Supplied records section start

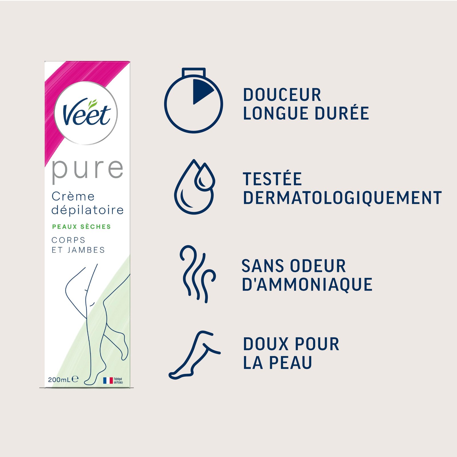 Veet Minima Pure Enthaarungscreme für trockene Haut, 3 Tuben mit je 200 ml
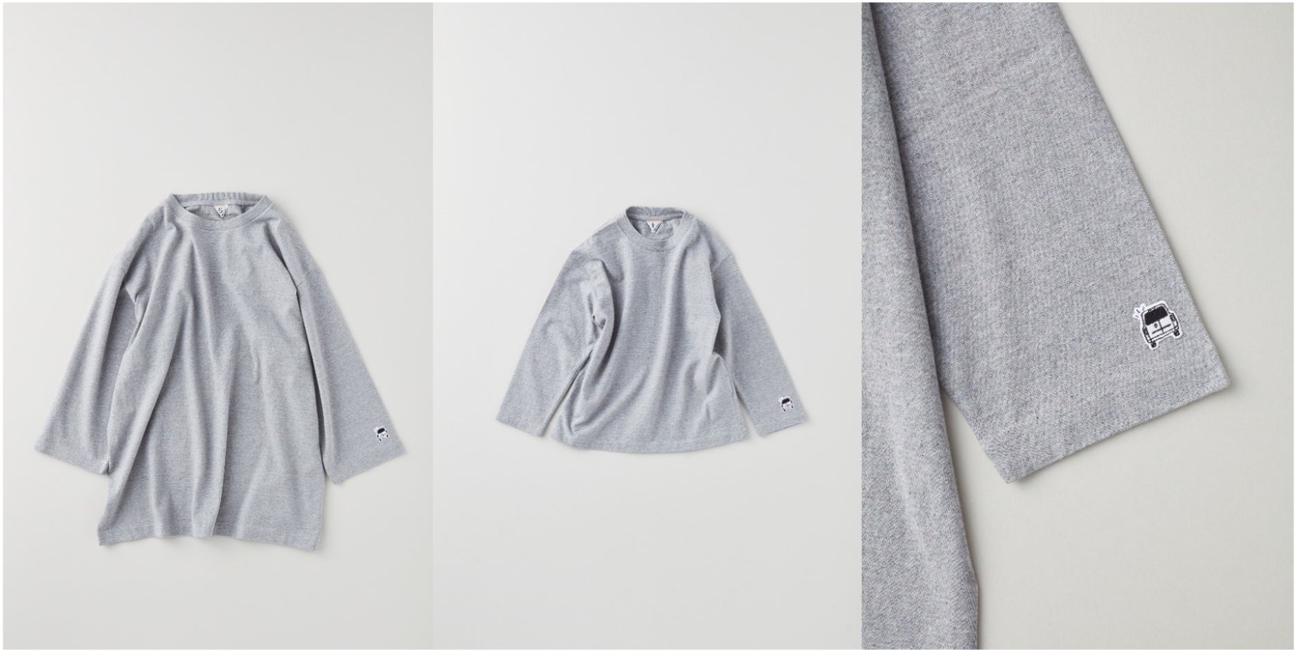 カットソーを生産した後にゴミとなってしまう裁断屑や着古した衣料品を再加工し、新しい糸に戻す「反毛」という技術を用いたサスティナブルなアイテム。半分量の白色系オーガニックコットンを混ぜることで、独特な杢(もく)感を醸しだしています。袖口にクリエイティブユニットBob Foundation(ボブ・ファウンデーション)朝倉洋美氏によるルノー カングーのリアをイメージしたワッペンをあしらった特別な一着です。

Supplied records section end
Supplied records section start

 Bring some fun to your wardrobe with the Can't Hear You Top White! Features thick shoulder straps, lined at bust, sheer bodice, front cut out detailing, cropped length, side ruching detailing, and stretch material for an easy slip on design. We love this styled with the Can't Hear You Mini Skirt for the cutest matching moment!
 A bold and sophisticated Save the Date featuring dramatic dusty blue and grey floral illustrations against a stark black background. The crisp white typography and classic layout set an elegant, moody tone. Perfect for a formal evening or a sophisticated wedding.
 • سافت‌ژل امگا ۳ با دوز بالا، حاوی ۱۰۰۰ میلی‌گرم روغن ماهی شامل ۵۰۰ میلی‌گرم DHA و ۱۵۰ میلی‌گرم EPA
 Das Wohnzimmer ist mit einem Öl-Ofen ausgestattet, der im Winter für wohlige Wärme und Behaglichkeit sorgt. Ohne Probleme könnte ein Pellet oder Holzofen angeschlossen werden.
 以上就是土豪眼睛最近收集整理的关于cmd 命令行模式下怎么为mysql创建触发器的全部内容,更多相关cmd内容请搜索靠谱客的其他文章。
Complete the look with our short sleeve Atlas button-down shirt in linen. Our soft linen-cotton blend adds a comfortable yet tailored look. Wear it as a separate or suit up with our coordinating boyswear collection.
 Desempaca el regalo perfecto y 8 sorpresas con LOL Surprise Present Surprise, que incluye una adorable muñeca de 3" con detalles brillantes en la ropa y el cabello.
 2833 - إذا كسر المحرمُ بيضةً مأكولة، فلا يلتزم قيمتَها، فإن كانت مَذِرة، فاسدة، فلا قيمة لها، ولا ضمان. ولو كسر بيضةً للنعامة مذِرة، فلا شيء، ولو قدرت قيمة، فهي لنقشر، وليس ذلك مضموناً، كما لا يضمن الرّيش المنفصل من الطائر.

Supplied records section end
Supplied records section start

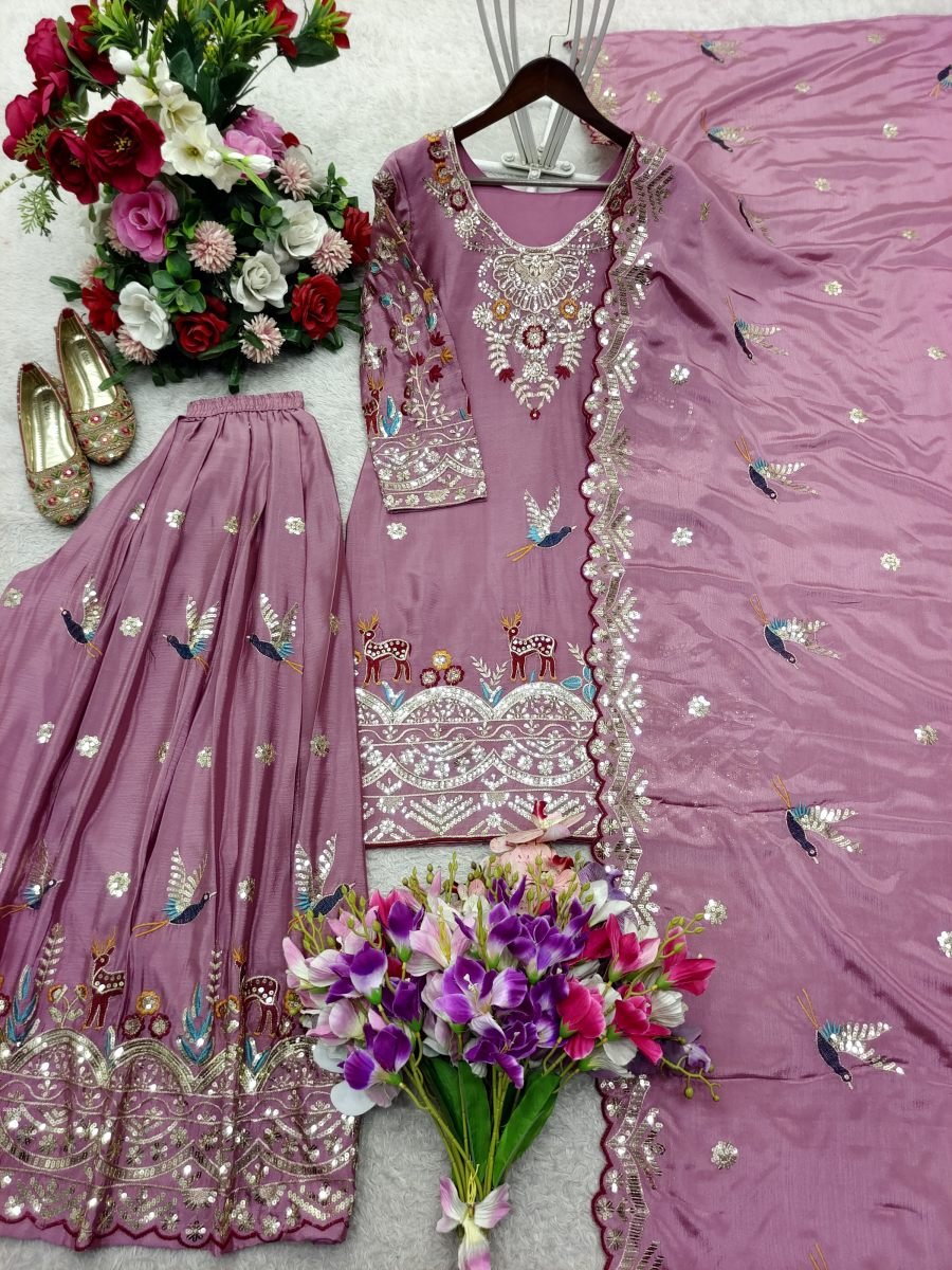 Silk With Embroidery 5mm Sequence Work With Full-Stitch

Supplied records section end

Work to complete: Repeat word for word the lines above that run from the line containing "Desempaca el regalo" through the line containing "2833 - إذا كسر", both ends included, and nothing else.

Solution to this problem:
 Desempaca el regalo perfecto y 8 sorpresas con LOL Surprise Present Surprise, que incluye una adorable muñeca de 3" con detalles brillantes en la ropa y el cabello.
 2833 - إذا كسر المحرمُ بيضةً مأكولة، فلا يلتزم قيمتَها، فإن كانت مَذِرة، فاسدة، فلا قيمة لها، ولا ضمان. ولو كسر بيضةً للنعامة مذِرة، فلا شيء، ولو قدرت قيمة، فهي لنقشر، وليس ذلك مضموناً، كما لا يضمن الرّيش المنفصل من الطائر.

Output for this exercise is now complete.